CHEMICAL GRAFTING ACCORDING TO THE TECHNIQUE UTILISING A MONOMER IN VAPOUR PHASE.

A strip of cellulose fabric, padded in a 0.05 M solution of ammoniacal ceric salt (nitrate or sulphate) in the 0.5 N acid corresponding to the salt used, is introduced into a fluid-tight vessel of cylindrical shape. The fabric is then centrifuged to 100% (the weight ratio between the impregnated fabric and the fabric in the dry state being equal to 2).

The atmosphere inside the vessel is saturated with water vapour with the aid of wicks immersed in water tanks. A vacuum is obtained in the vessel by pumping until a vacuum of 16 mm Hg is obtained at 20°C. Pumping is then stopped and with the aid of a valve the amount of liquid monomer necessary for the desired fixation rate is introduced, without previous destabilisation. The monomer is rapidly vaporised and is consumed by the grafting reaction on the fabric.

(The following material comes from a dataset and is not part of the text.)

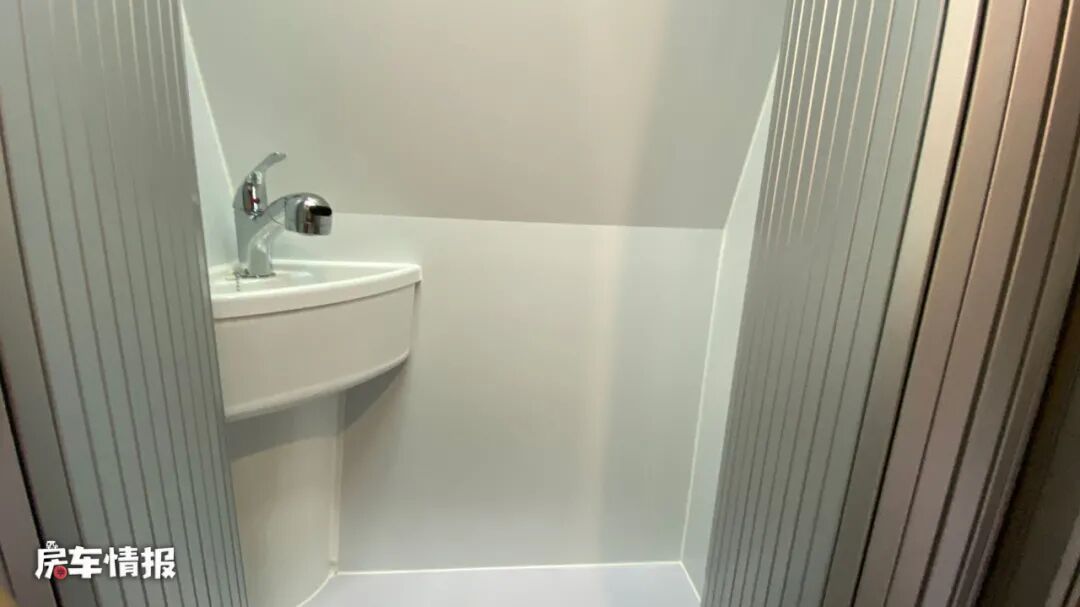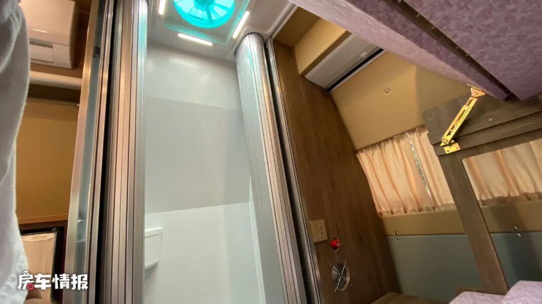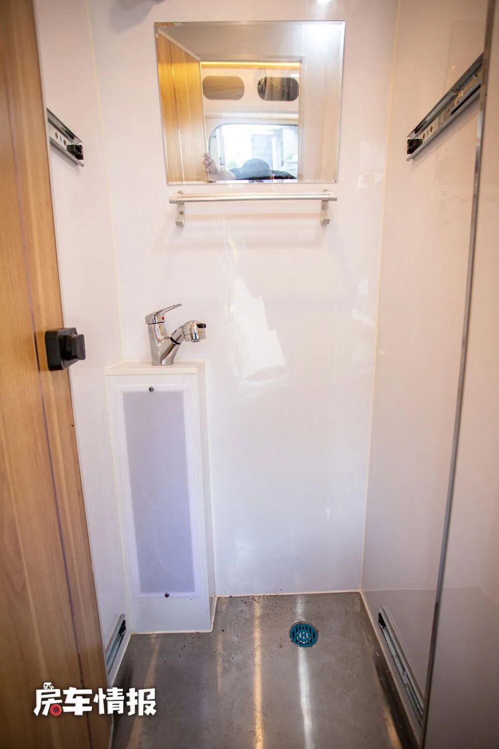 厨房区后方是全车的卫浴室,提供了淋浴花洒、梳妆镜、置物架、换气扇和便携式的马桶,也可以满足出行的基本洗漱需求。

After fixation of the monomer the fabric is than washed and rinsed to neutrality and shows a gain of weight in grafted polymer corresponding to 95% of the amount of monomer used.

CHEMICAL GRAFTING BY THE TECHNIQUE UTILISING MONOMER IN SOLUTION.

The cellulosic fabric which is to be grafted is padded in a 0.05 M solution of ammoniacal ceric salt (ceric nitrate or sulphate) in the 0.5 N acid corresponding to the salt used, and is expressed until it retains 70% of the solution (the ratio between the impregnated fabric and the dry fabric being 1.7), and it is then re-padded in a concentrated solution of the monomer which is to be fixed, in a solvent which is miscible with water, and is expressed to 150% extraction (the ratio between the weight of the wet fabric and the weight of the dry fabric being 2.5).

The monomer solvent solution is so selected that the ceric salts are not soluble in it. The fabric treated in this manner is then wound and stored with protection against air, on a horizontal rotating shaft at ambient temperature. After reaction for about one and a half hours the fabric is washed and rinsed and shows fixation of 80% of the monomer used.

After drying, fabrics treated in this manner are ready for subjection to the irradiation treatment.

IRRADIATION TREATMENT WITH IONISING RADIATION

The grafted fabric obtained in the course of the preceding treatments may be treated either by passing in superimposed layers under an electron accelerator, so as to make the best possible use of the radiated energy, or by utilising a radioactive source (for example cobalt 60) and irradiation of the fabric in the wound state.

In both cases the fabric treated by irradiation is first subjected to vacuum degasification in order to eliminate oxygen as far as possible, and is then irradiated in vacuo or in an inert gas, is wound in this atmosphere, and packed in a fluid-tight container.

CROSS-LINKING TREATMENT

The fabric is kept at ambient temperature in its container for 7 to 9 days in order to enable the cross-linking reaction to continue.

STABILISATION TREATMENT

After this storage period the fabric is treated with hydroquinone in order to destroy peroxides, hydroperoxides and free radicals which could bring about a degradation of the cellulosic material in the course of time.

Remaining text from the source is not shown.